◆ **TO DO**:
Would you repeat the listing exactly, without any of its images?

DATASET ENTRIES below:

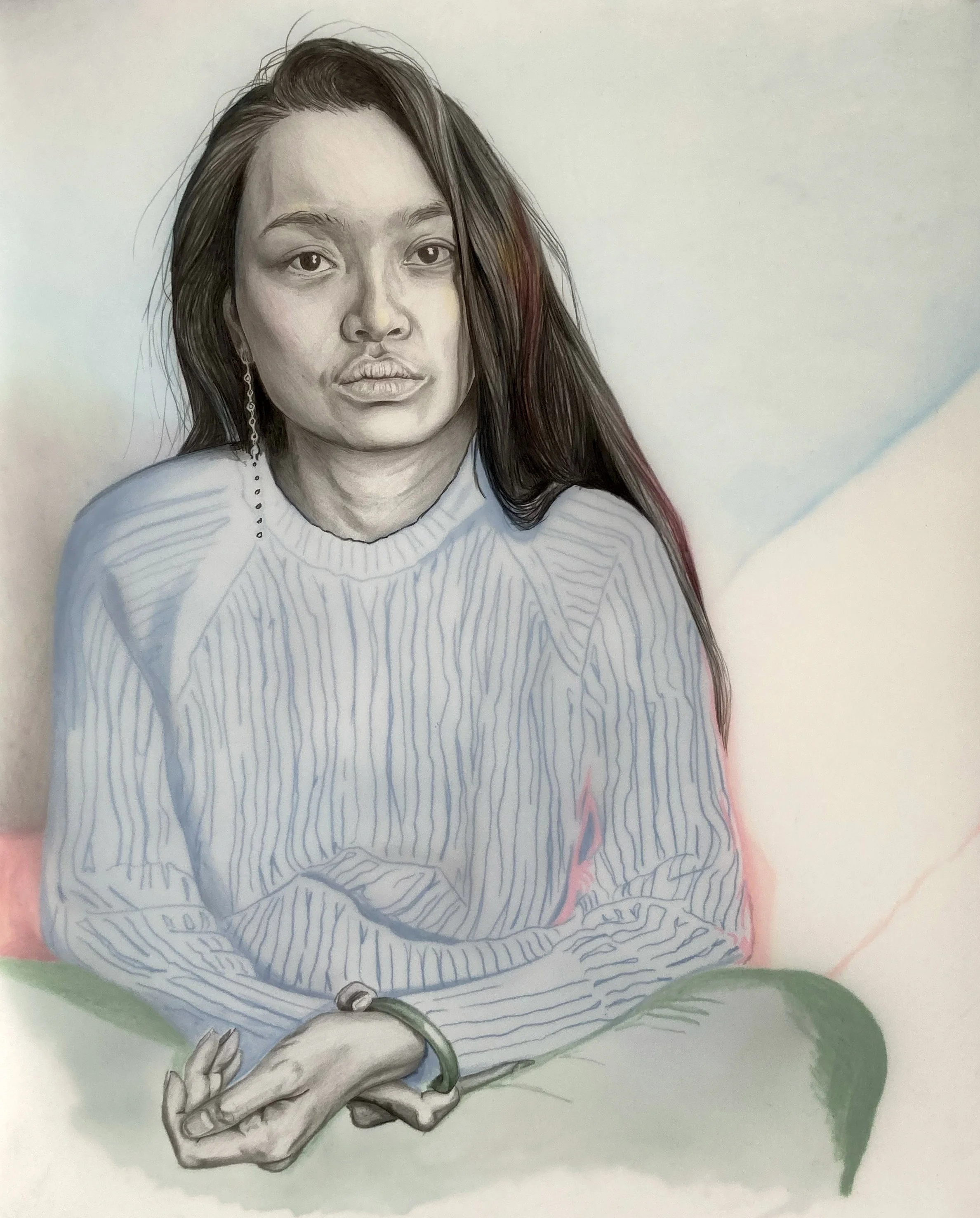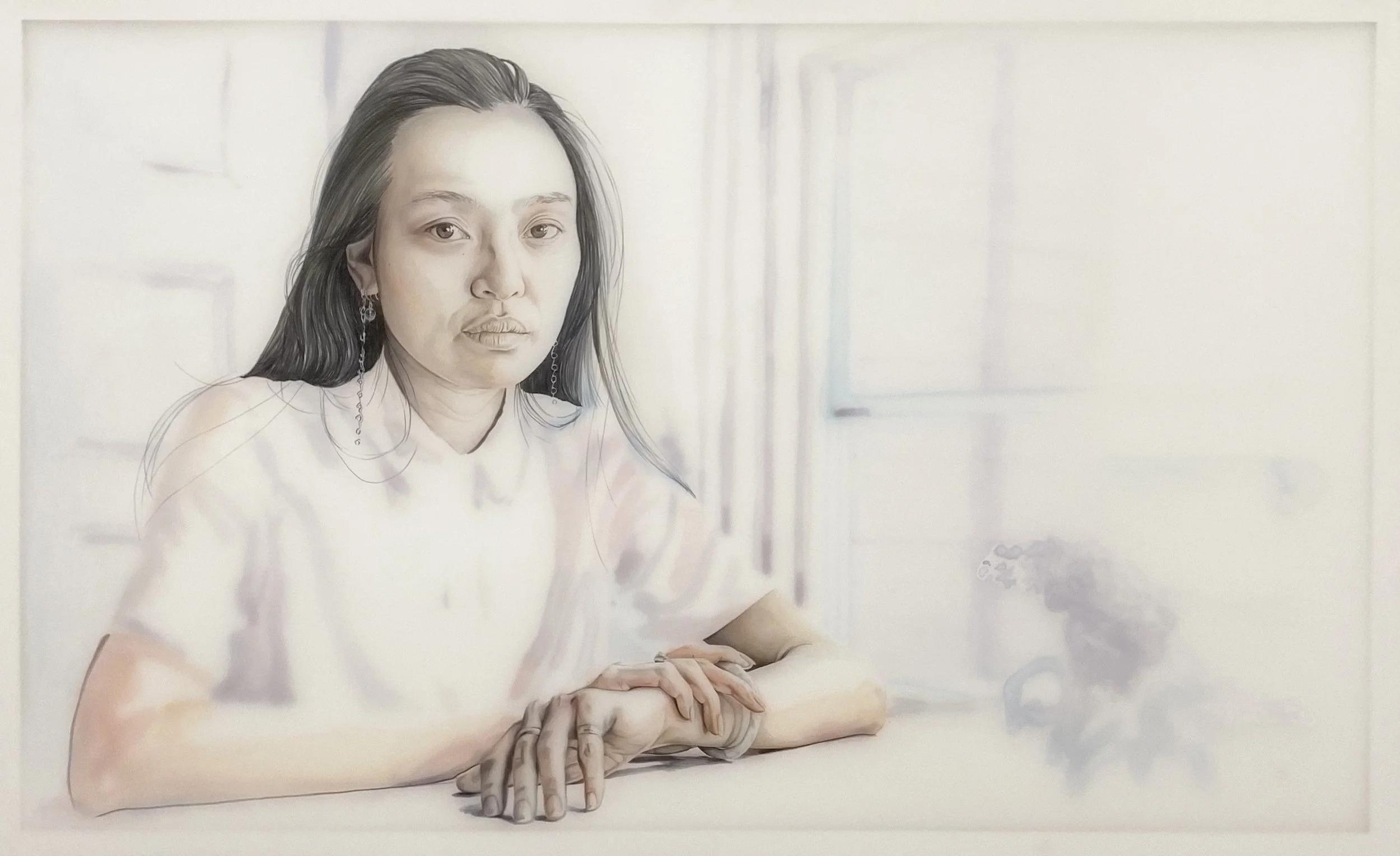 Thilini Sitting in front of Glass Doors, Pencil, Watercolour and Ink on Mylar, 40 x 60”, 2023
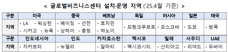 - 글로벌비즈니스센터 전 세계 14개국에 마련…법무·회계 등 특화 서비스 제공
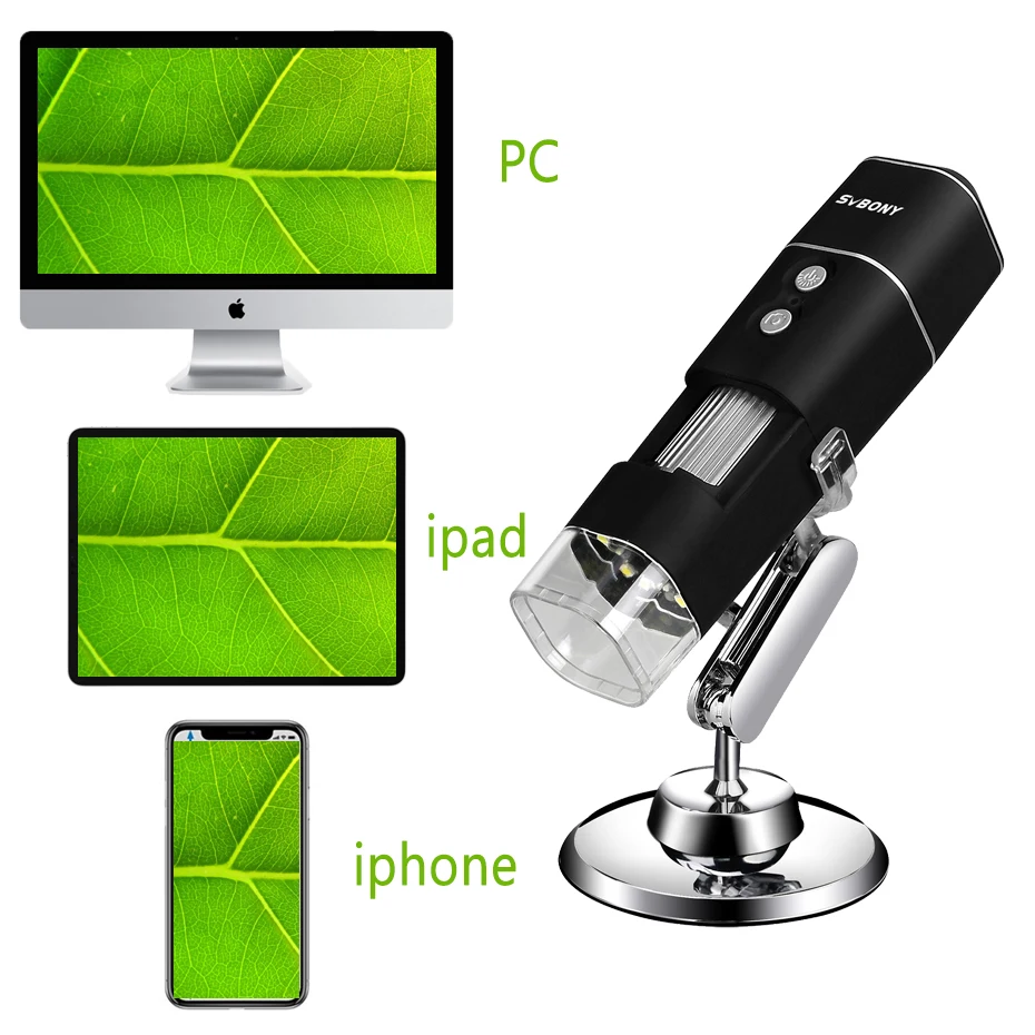 1. Это беспроводное портативное 50X-1000X бесступенчатая зум цифровая камера с Wi-Fi для микроскоп. Его можно использовать вместе с вашим мобильных устройств на базе Android и ios. Он может передавать по беспроводной сети в режиме реального времени объектив 33 футов. Он совместим с компьютеров под управлением ОС Windows. SVBONY обеспечивает бесплатное мобильное приложение для загрузки и USB кабель для передачи данных. Загрузите приложение бесплатно с официального доступен для загрузки по адресу, вы сможете просматривать изображение с микро-мира прямо на вашем смартфоне или планшете, таким образом вы сможете брать их с собой в любом месте и в любое время и в любом месте.
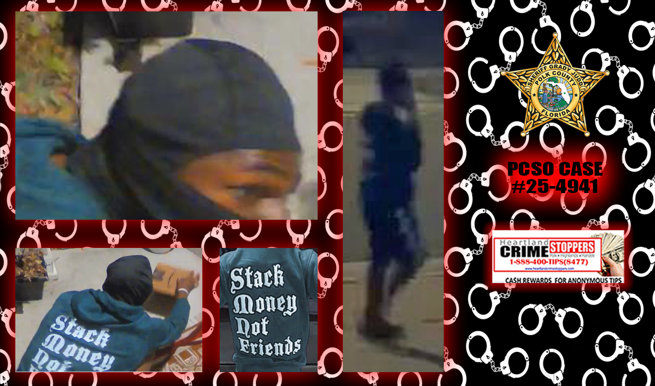 If you recognize this suspect or you have any information about the investigation, please contact Detective Ferguson at 863-678-4115 or HFerguson@polksheriff.org.
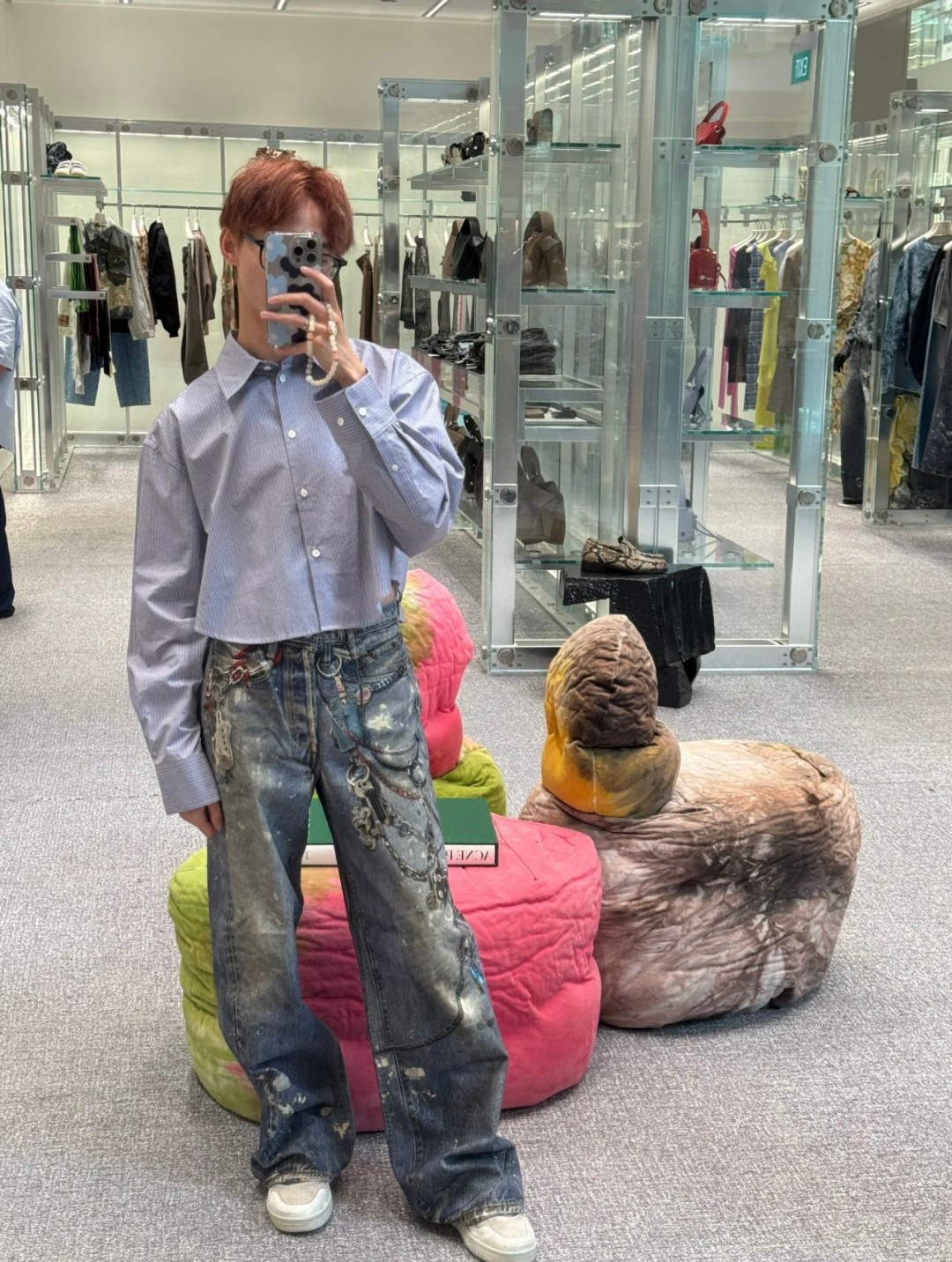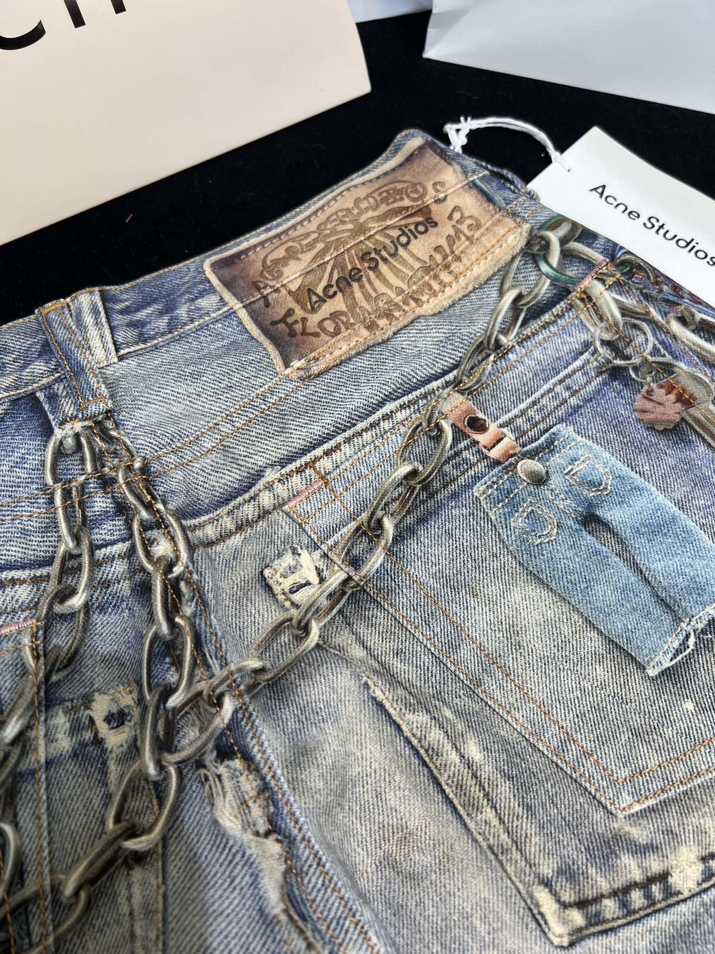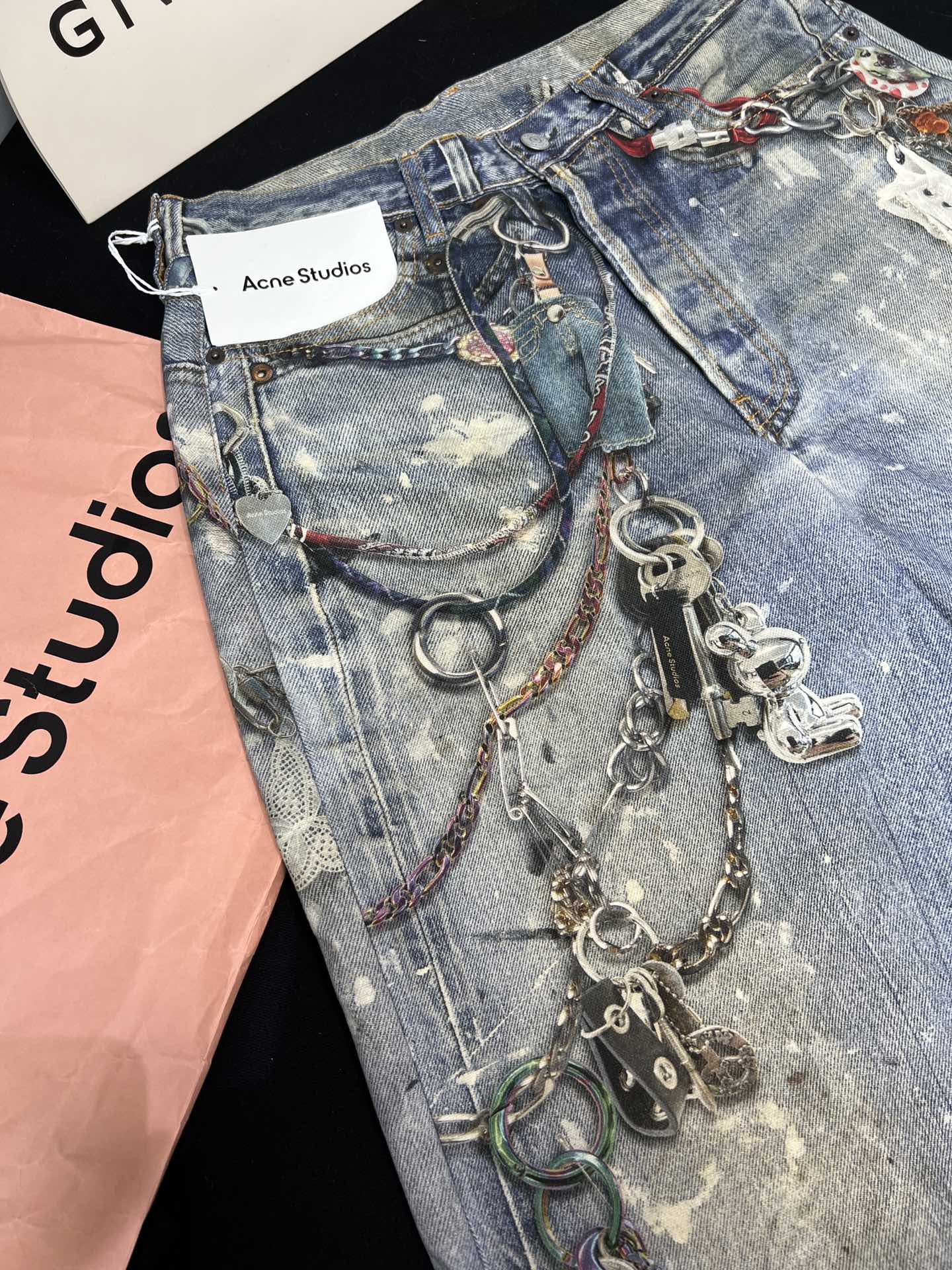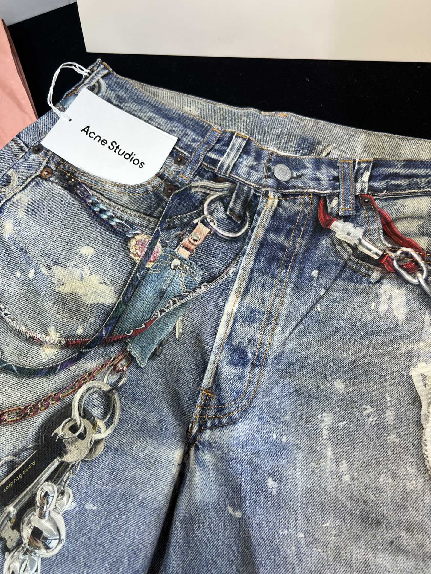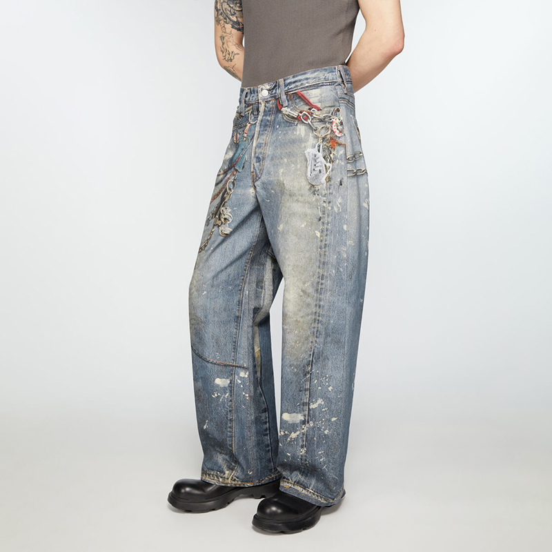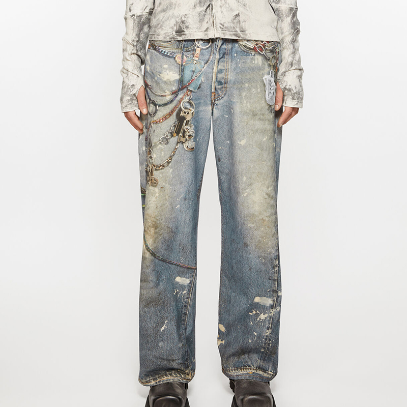 NIGO Acne Studios Men's And Women's 3D Printed Pattern Loose Low Waisted Casual Wide Leg Solid Color Denim Pants Ngvp #nigo8513
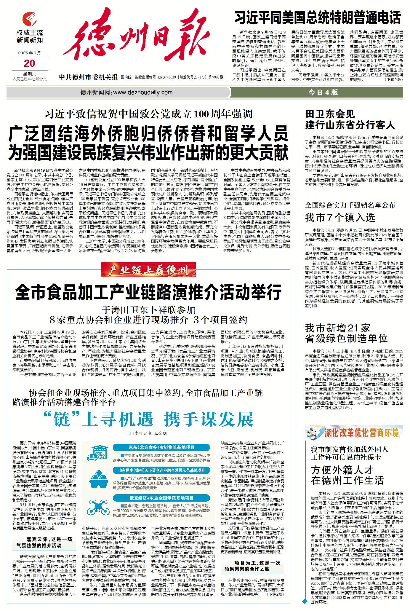 9月19日,全市食品加工产业链路演推介活动在中国(德州)农业食品创新产业园举行,聚焦“从田间到餐桌”各个环节, 搭建集技术、市场、供应于一体的高效对接平台,为全市食品加工产业高质量发展注入强劲动能。
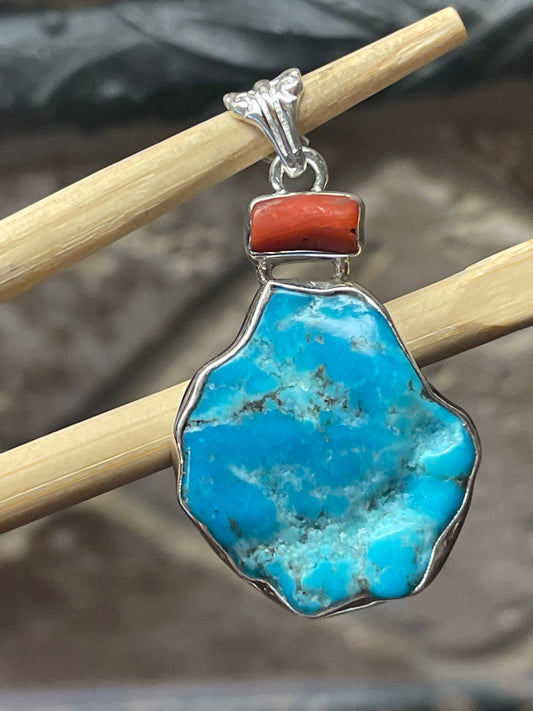 Natural Sleeping Beauty Turquoise, Coral 925 Solid Sterling Silver Pendant 40mm

End of DATASET ENTRIES.

◆ **EXERCISE OUTPUT**:
 Thilini Sitting in front of Glass Doors, Pencil, Watercolour and Ink on Mylar, 40 x 60”, 2023
 - 글로벌비즈니스센터 전 세계 14개국에 마련…법무·회계 등 특화 서비스 제공
 1. Это беспроводное портативное 50X-1000X бесступенчатая зум цифровая камера с Wi-Fi для микроскоп. Его можно использовать вместе с вашим мобильных устройств на базе Android и ios. Он может передавать по беспроводной сети в режиме реального времени объектив 33 футов. Он совместим с компьютеров под управлением ОС Windows. SVBONY обеспечивает бесплатное мобильное приложение для загрузки и USB кабель для передачи данных. Загрузите приложение бесплатно с официального доступен для загрузки по адресу, вы сможете просматривать изображение с микро-мира прямо на вашем смартфоне или планшете, таким образом вы сможете брать их с собой в любом месте и в любое время и в любом месте.
 If you recognize this suspect or you have any information about the investigation, please contact Detective Ferguson at 863-678-4115 or HFerguson@polksheriff.org.
 NIGO Acne Studios Men's And Women's 3D Printed Pattern Loose Low Waisted Casual Wide Leg Solid Color Denim Pants Ngvp #nigo8513
 9月19日,全市食品加工产业链路演推介活动在中国(德州)农业食品创新产业园举行,聚焦“从田间到餐桌”各个环节, 搭建集技术、市场、供应于一体的高效对接平台,为全市食品加工产业高质量发展注入强劲动能。
 Natural Sleeping Beauty Turquoise, Coral 925 Solid Sterling Silver Pendant 40mm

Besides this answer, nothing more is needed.